Mangarjung Tea Garden (Nagri) is a census town  in the Jorebunglow Sukhiapokhri CD block in the Darjeeling Sadar subdivision of the Darjeeling district in the state of West Bengal, India.

Geography

Location                                                   
Mangarjung Tea Garden (Nagri) is located at .

Area overview
The map alongside shows a part of the southern portion of the Darjeeling Himalayan hill region  in the Darjeeling district. In the Darjeeling Sadar subdivision 61.00% of the total population lives in the rural areas and 39.00% of the population lives in the urban areas. In the Mirik subdivision 80.11% of the total population lives in the rural areas and 19.89% lives in the urban areas. There are 78 tea gardens/ estates (the figure varies slightly according to different sources), in the district, producing and largely exporting Darjeeling tea. It engages a large proportion of the population directly/ indirectly. Some tea gardens were identified in the 2011 census as census towns or villages. Such places are marked in the map as CT (census town) or R (rural/ urban centre). Specific tea estate pages are marked TE.

Note: The map alongside presents some of the notable locations in the subdivision. All places marked in the map are linked in the larger full screen map.

Demographics
According to the 2011 Census of India, Mangarjung Tea Garden (Nagri) had a total population of 5,644 of which 2,758 (49%) were males and 2,886 (51%) were females. There were 490 persons in the age range of 0 to 6 years.
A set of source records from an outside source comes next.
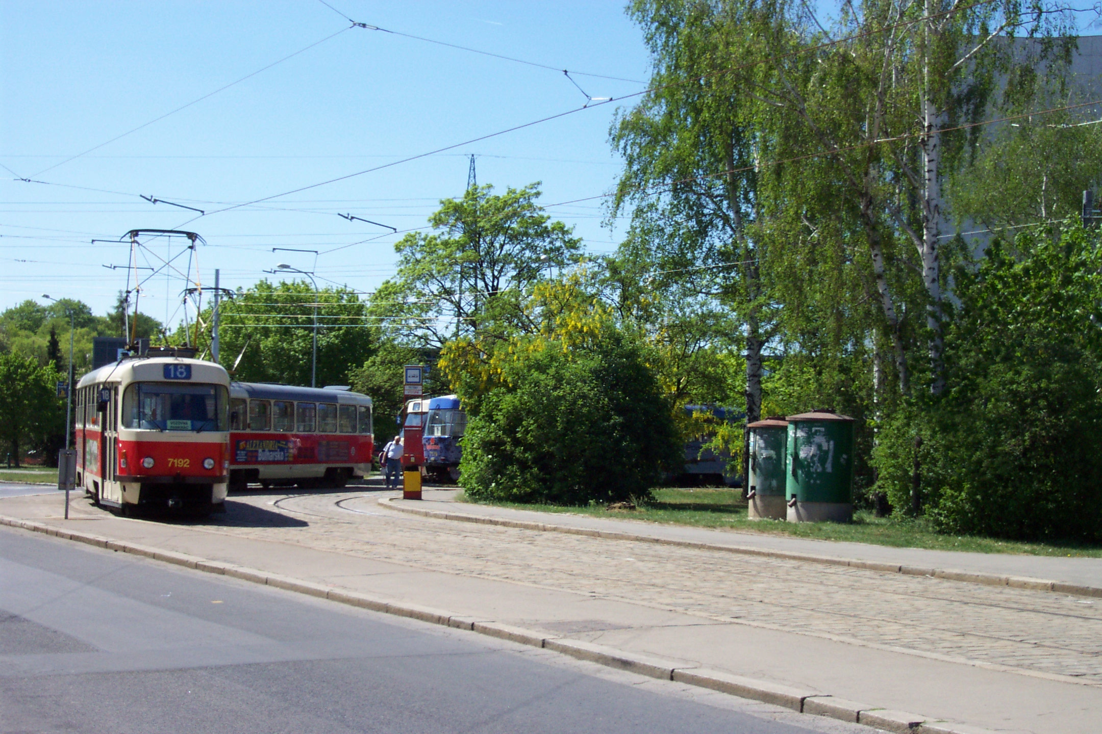 Tram terminus Petřiny in Praguehelp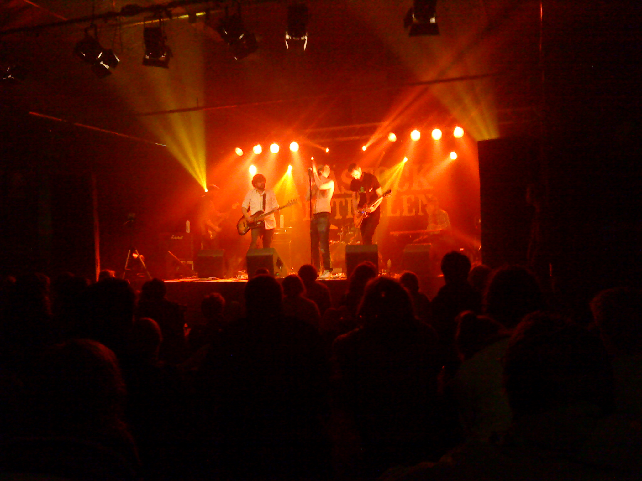 The Spacious Mind in concert at Trästock 2009, Skellefteå, Sweden.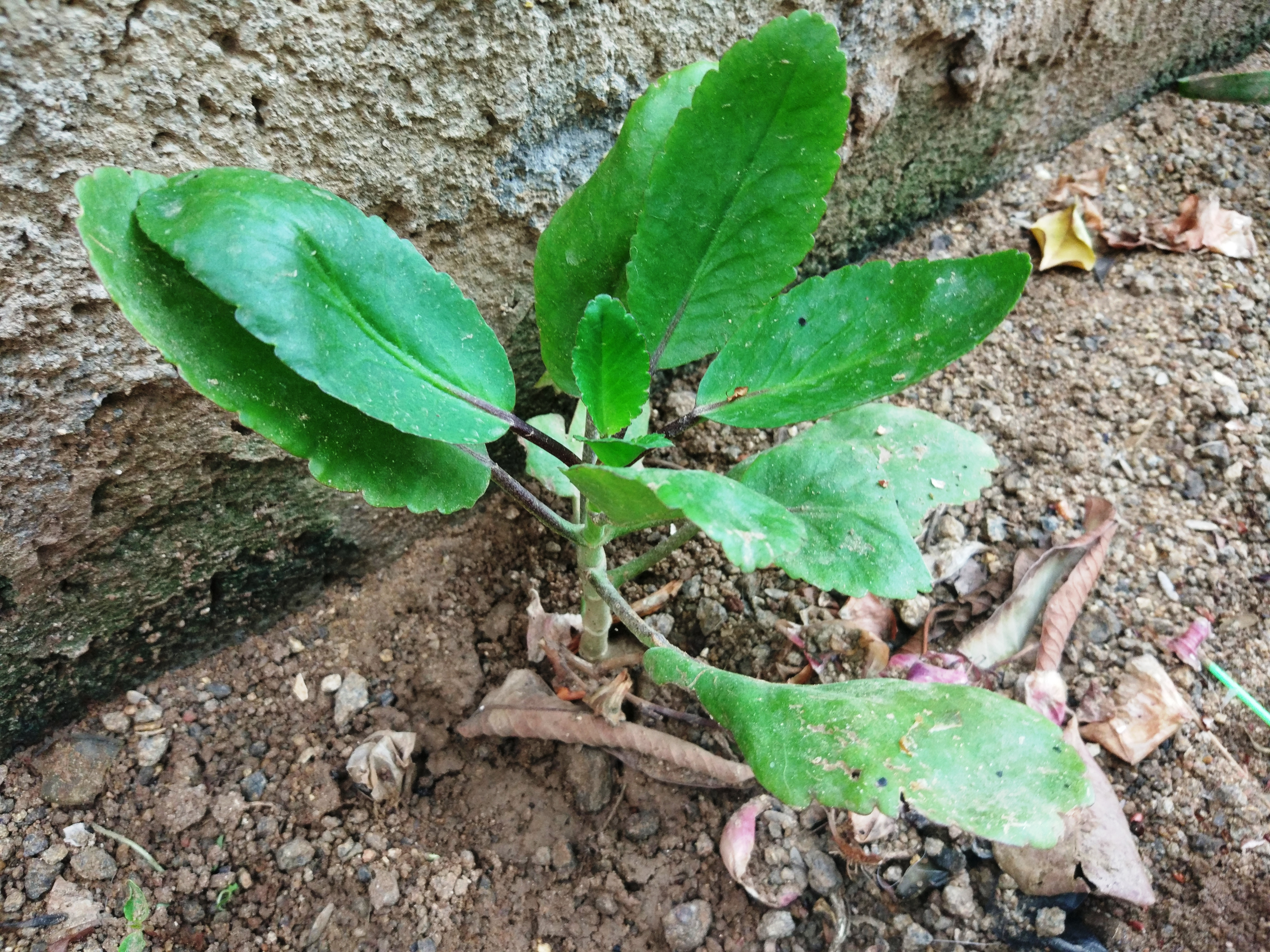 ranakalli plant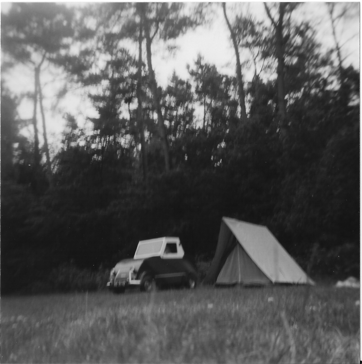 MEGO Bromauto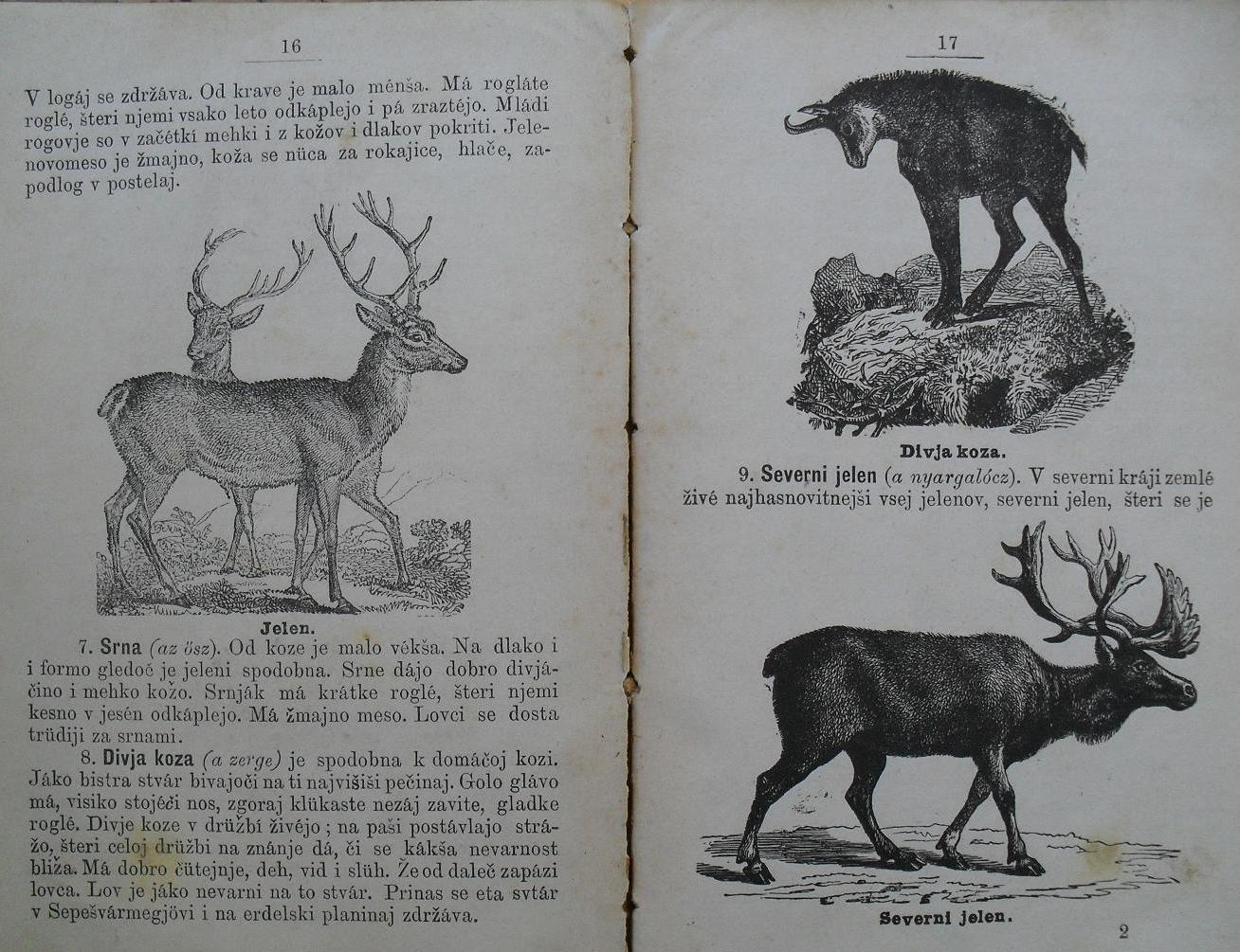 Preživari (Ruminents), in the Prirodopis s kepami of Imre Augustich (1878)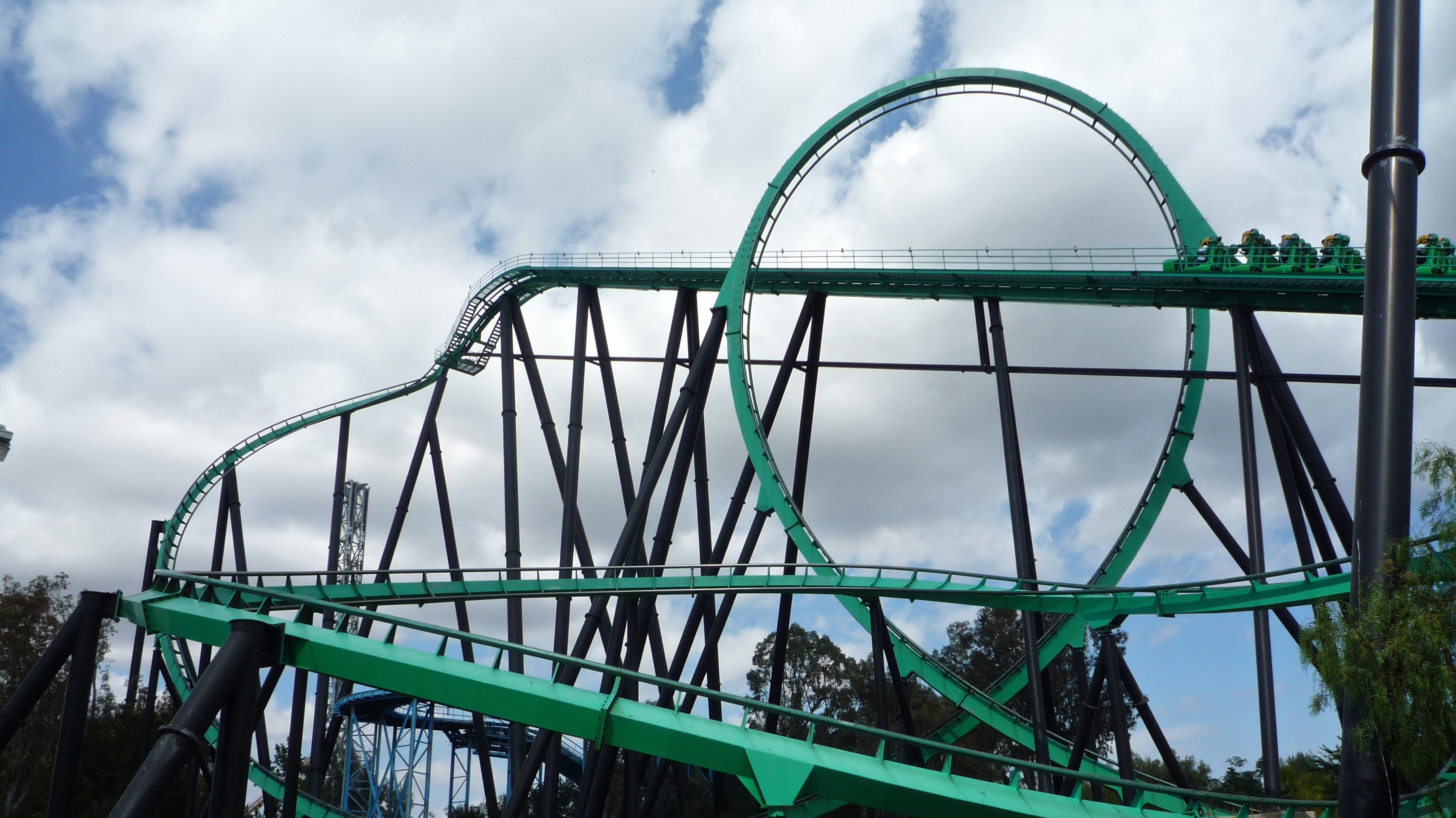 Six Flags Magic Mountain - Riddler's Revenge Ride

The total number of literate people in Mangarjung Tea Garden was 4,090 (72.47% of the population over 6 years).

Infrastructure
According to the District Census Handbook 2011, Darjiling, Mangarjung Tea Garden (Nagri) covered an area of 5.524 km2. Among the civic amenities, the protected water supply involved overhead tank and spring. It had 400 domestic electric connections. Among the medical facilities it had 1 medicine shop. Among the educational facilities it had were 7 primary schools, 1 middle school, the nearest secondary and senior secondary schools at Nagri Tea Estate 3 km away. It had 16 non-formal education centres (Sarva Siksha Abhiyan). An important commodity it manufactured was tea.

Economy

DOTEPL group
The gardens of the Darjeeling Organic Tea Estates Private Ltd. are: Ambootia, Changtong, Happy Valley, Monteviot, Moondakotee, Mullootar, Nagri, Noorbong, Sepoydhurah (Chamling), Sivitar, Rangmook Ceder, Rangaroon, Pandam and Aloobari.

Education
Indira Ojha High School is an English-medium coeducational institution established in 1986. It has facilities for teaching from class V to class X.